§ **Stored data**

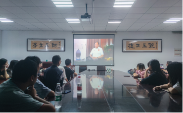 直播结束后,公司各年级员工代表向大家分享了自己的观后感。20级雷巧同学表示,她被奥运健儿肖若腾在遭遇不公的对待后,仍能坚定自己初心的精神所打动。19级陈湘君同学表示,今天的直播让她明白了了热爱、坚持、自信、感恩和谦逊的重要性。研究生代表赵陈颖则从上课的形式和近期的国际动态展开论述,表示感受到了祖国的强大和人民的自信。
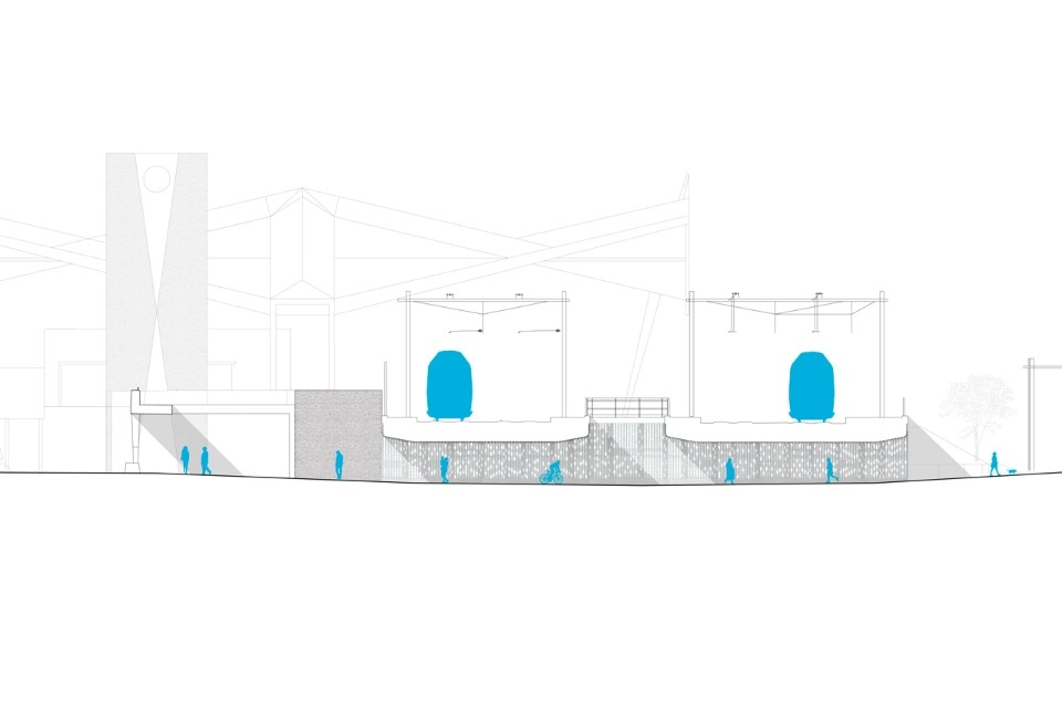 Il passaggio connette un ex edificio ferroviario con un nuovo ristorante, una terrazza pubblica e un giardino, attraversando la città e collegando i due diversi lati. Il passaggio serve da catalizzatore per la riqualificazione del quartiere Spoorzone e ospita numerosi eventi culturali. La sua identità iconica si ispira alla città esistente. I materiali, il ritmo e la composizione del passaggio si riferiscono all’architettura classica di mattoni di via Willem II, in maniera contemporanea.
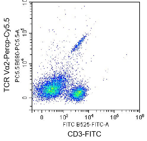 • Staining of C57BL/6 mouse splenic lymphocytes using FITC CD3 Antibody and PerCP-Cy5.5 Mouse TCR Vα2 Antibody (Clone: B20.1) (Catalog Number: G1670). Analysis data derived from live lymphocytes.
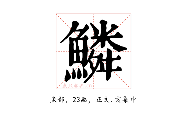 〔鱗〕字收录于《康熙字典》正文・亥集中,康熙部首是魚部。
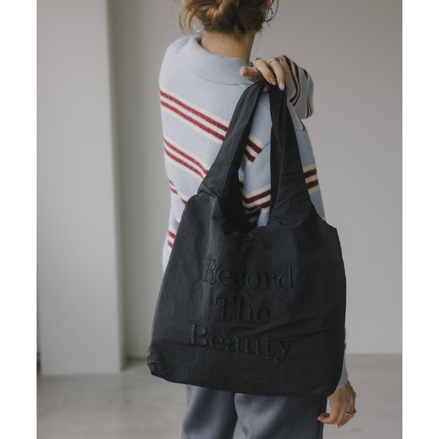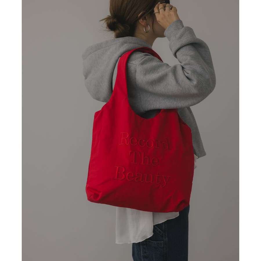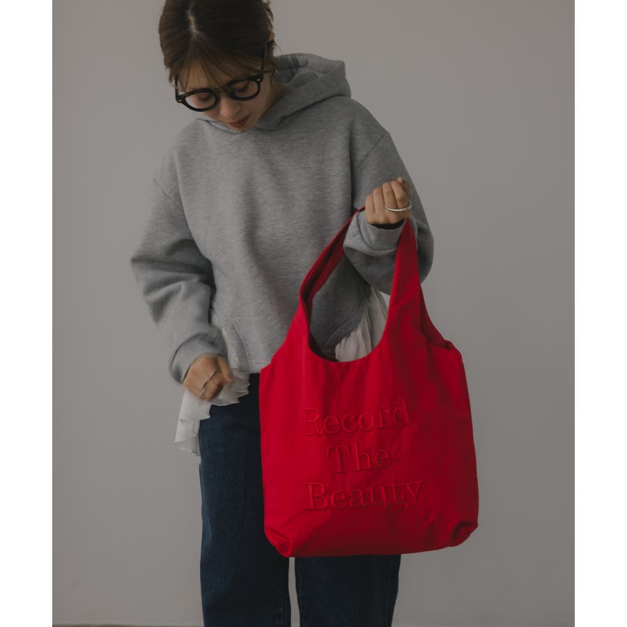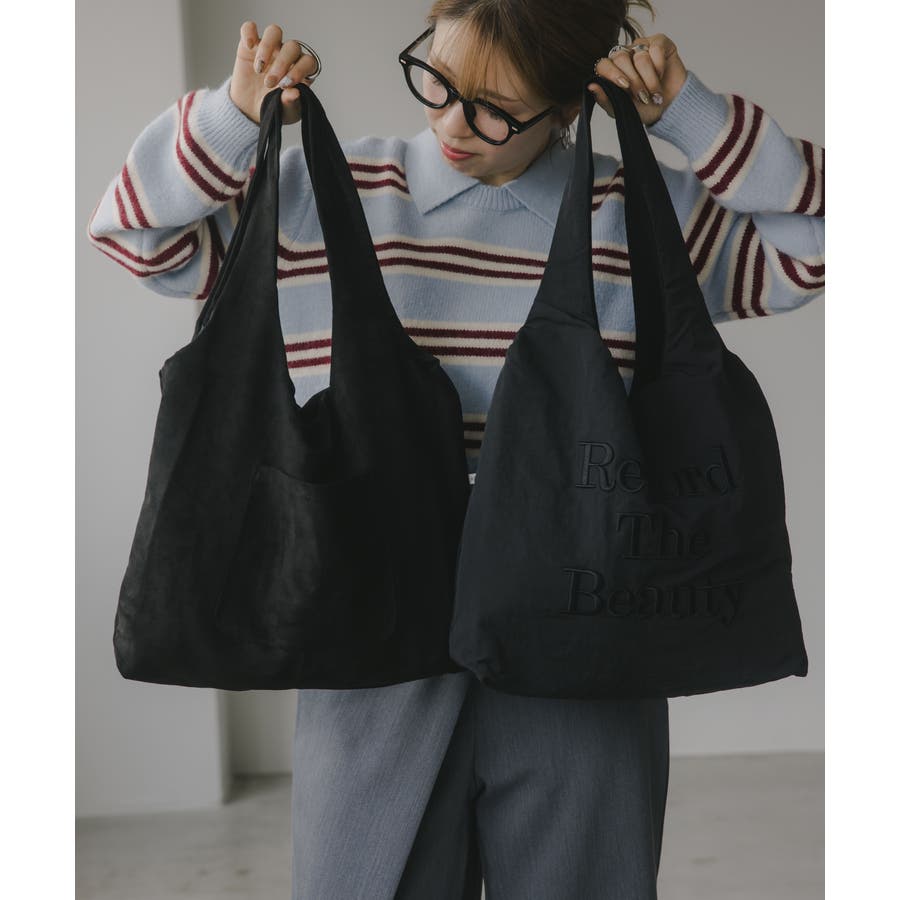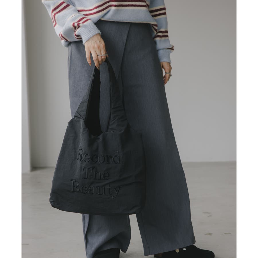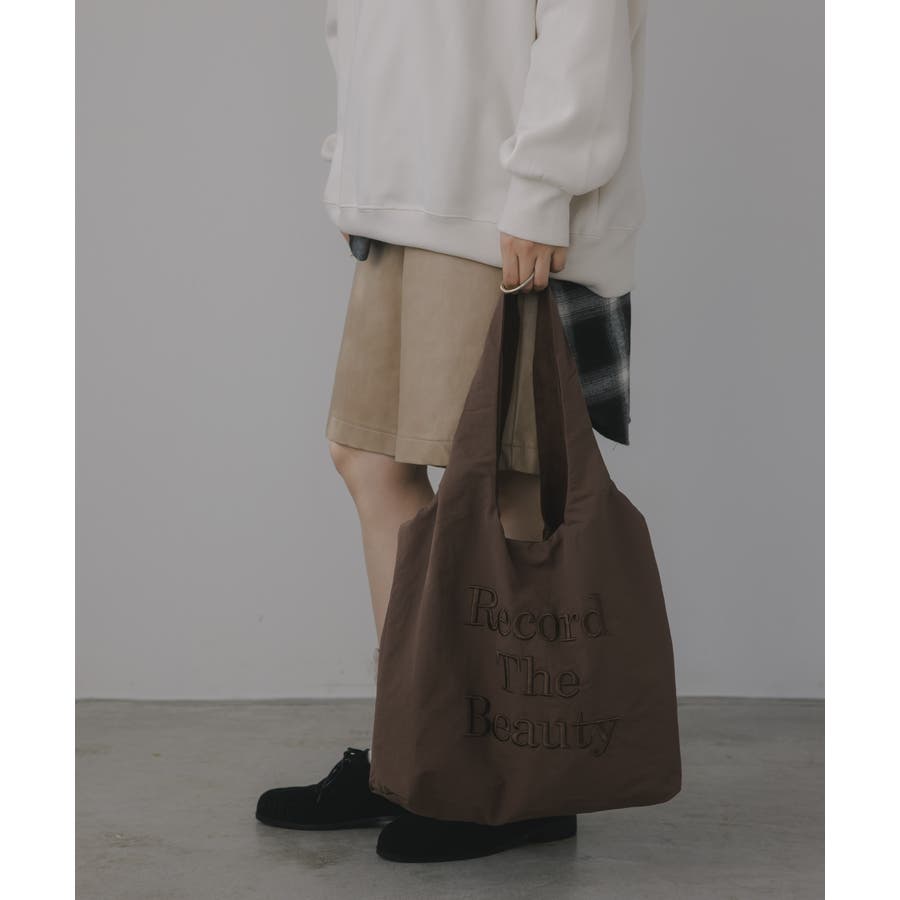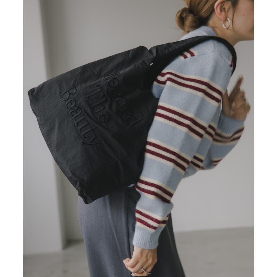 BIGロゴ刺繍が目をひく、A4サイズがすっぽり入るナイロントートバッグ。

§ **Your goal**
Will you set down the records word for word while leaving out every picture?

§ **Answer to this exercise**
 直播结束后,公司各年级员工代表向大家分享了自己的观后感。20级雷巧同学表示,她被奥运健儿肖若腾在遭遇不公的对待后,仍能坚定自己初心的精神所打动。19级陈湘君同学表示,今天的直播让她明白了了热爱、坚持、自信、感恩和谦逊的重要性。研究生代表赵陈颖则从上课的形式和近期的国际动态展开论述,表示感受到了祖国的强大和人民的自信。
 Il passaggio connette un ex edificio ferroviario con un nuovo ristorante, una terrazza pubblica e un giardino, attraversando la città e collegando i due diversi lati. Il passaggio serve da catalizzatore per la riqualificazione del quartiere Spoorzone e ospita numerosi eventi culturali. La sua identità iconica si ispira alla città esistente. I materiali, il ritmo e la composizione del passaggio si riferiscono all’architettura classica di mattoni di via Willem II, in maniera contemporanea.
 • Staining of C57BL/6 mouse splenic lymphocytes using FITC CD3 Antibody and PerCP-Cy5.5 Mouse TCR Vα2 Antibody (Clone: B20.1) (Catalog Number: G1670). Analysis data derived from live lymphocytes.
 〔鱗〕字收录于《康熙字典》正文・亥集中,康熙部首是魚部。
 BIGロゴ刺繍が目をひく、A4サイズがすっぽり入るナイロントートバッグ。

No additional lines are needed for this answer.